In 2002, Adam Yauch started building a new studio facility, Oscilloscope Laboratories, in downtown Manhattan, New York and the band started work on a new album there. The band released a protest song, "In a World Gone Mad", against the 2003 Iraq war as a free download on several websites, including the Milarepa website, the MTV website, MoveOn.org, and Win Without War. The 19th and 20th Tibetan Freedom Concerts were held in Tokyo and Taipei, the Beastie Boys' first Taiwan appearance. The Beastie Boys also headlined the Coachella Valley Music and Arts Festival.

Their single, "Ch-Check It Out", debuted on The O.C. in the season 1 episode "The Vegas", which aired April 28, 2004.

To the 5 Boroughs was released worldwide on June 15, 2004. It was the first album the band produced themselves and reached number 1 on the Billboard albums chart, number 2 in the UK and Australia, and number 3 in Germany. The first single from the album, "Ch-Check It Out", reached number 1 in Canada and on the US Modern Rock Tracks chart.

The album was the cause of some controversy with allegations that it installed spyware when inserted into the CD drive of a computer.
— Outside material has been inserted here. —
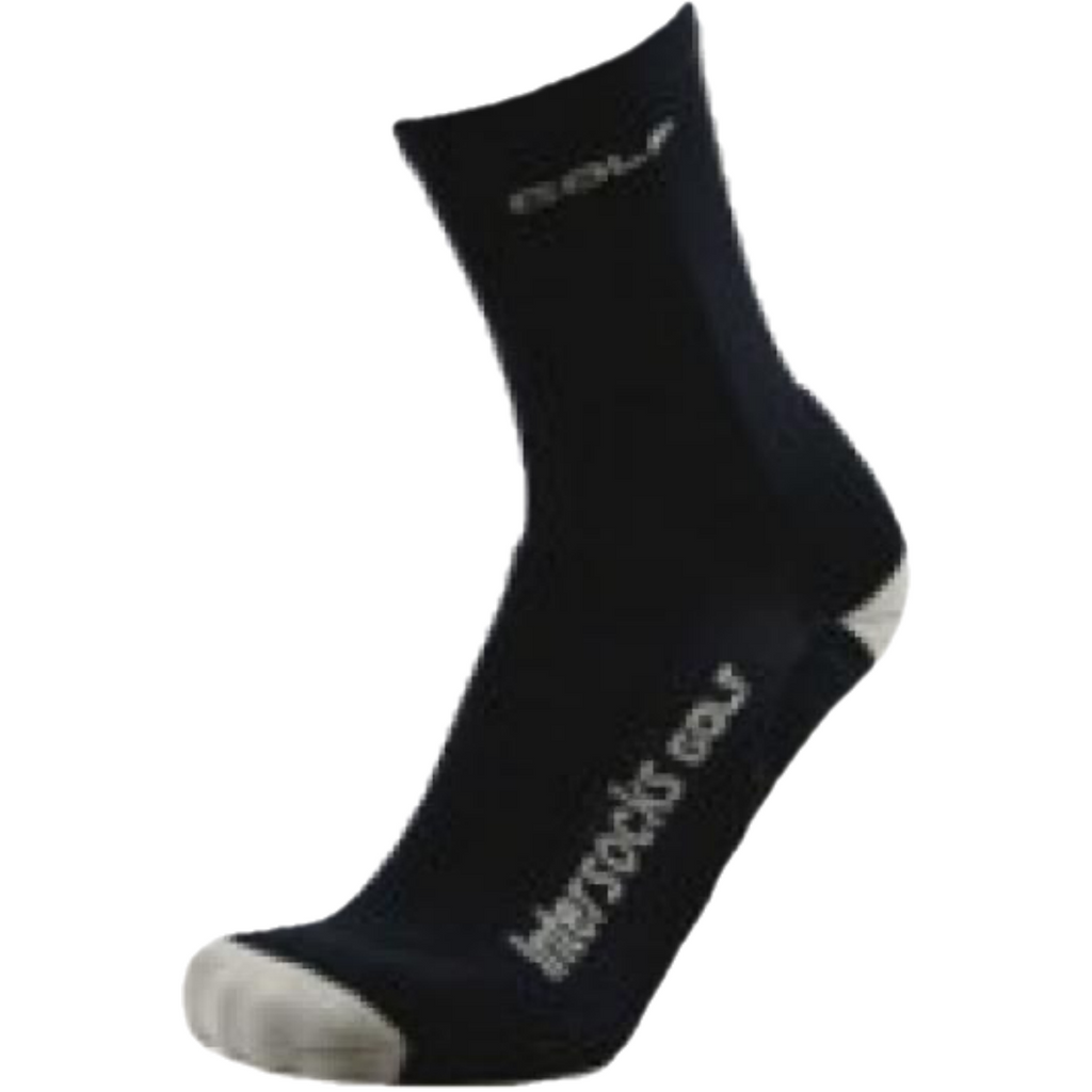 Een topkwaliteit golfsok moet drie belangrijke eigenschappen hebben: 1. Optimale afvoer van transpiratievocht om de voet tijdens de ronde golf onder alle omstandigheden droog en dus blaarvrij te houden 2. Extra ondersteuning van het enkelgewricht voor een stabiele 'stance' en een optimaal rendement van uw swing 3. Uitgekiende elastische delen die de sok onder alle omstandigheden op z'n plaats houden om rimpelvorming - en dus blaren - te voorkomen. Met deze Intersocks Golf Crew haalt u het optimale rendement uit uw dure golfschoenen, seizoen na seizoen! De Intersocks Golf Crew runningsok heeft een wat hogere schacht en is daarmee een ideale partner als het buiten wat minder warm is. De schacht zorgt bovendien voor een optimale afvoer van transpiratievocht. Speciale weeftechnieken waarborgen extra stabiliteit bij oneffen ondergronden. Dus steun waar nodig en dankzij de ingeweven 'airtubes', ventilatie waar gewenst! Het naadloze teenstuk voorkomt irritatie en minimaliseert de kans op blaren. De speciale Skinlife vezel neutraliseert effectief de bacteriën, die zweetvoeten veroorzaken. Features: - Achilleshielbescherming - Ventilatietubes rond voet en wreef - Extra ventilatie rond manchet - Anatomisch vormgegeven linker- en rechtersok - Versterkte hiel, versterkt teenstuk - Anti-irritatie elastische manchet, zakt niet af - Teenstuk met platte naad voor irritatievrij comfort - Extra comfortabele padding rond wreef en voetbed - Leverbaar tot en met maat 50! Samenstelling: 78% Polyamide 20% Polyamide Skinlife* 2% Elastane * Skinlife is een geavanceerde nieuwe vezel die dankzij een antibacteriële werking, zorgt voor een natuurlijk evenwicht van de huid Advies verkoopprijs 14,95€

The band denied this allegation, defending that there is no copy protection software on the albums sold in the US and UK. While there is Macrovision CDS-200 copy protection software installed on European copies of the album, this is standard practice for all European releases on EMI/Capitol Records released in Europe, and it does not install spyware or any form of permanent software. The band stated in mid-2006 that they were writing material for their next album and would be producing it themselves.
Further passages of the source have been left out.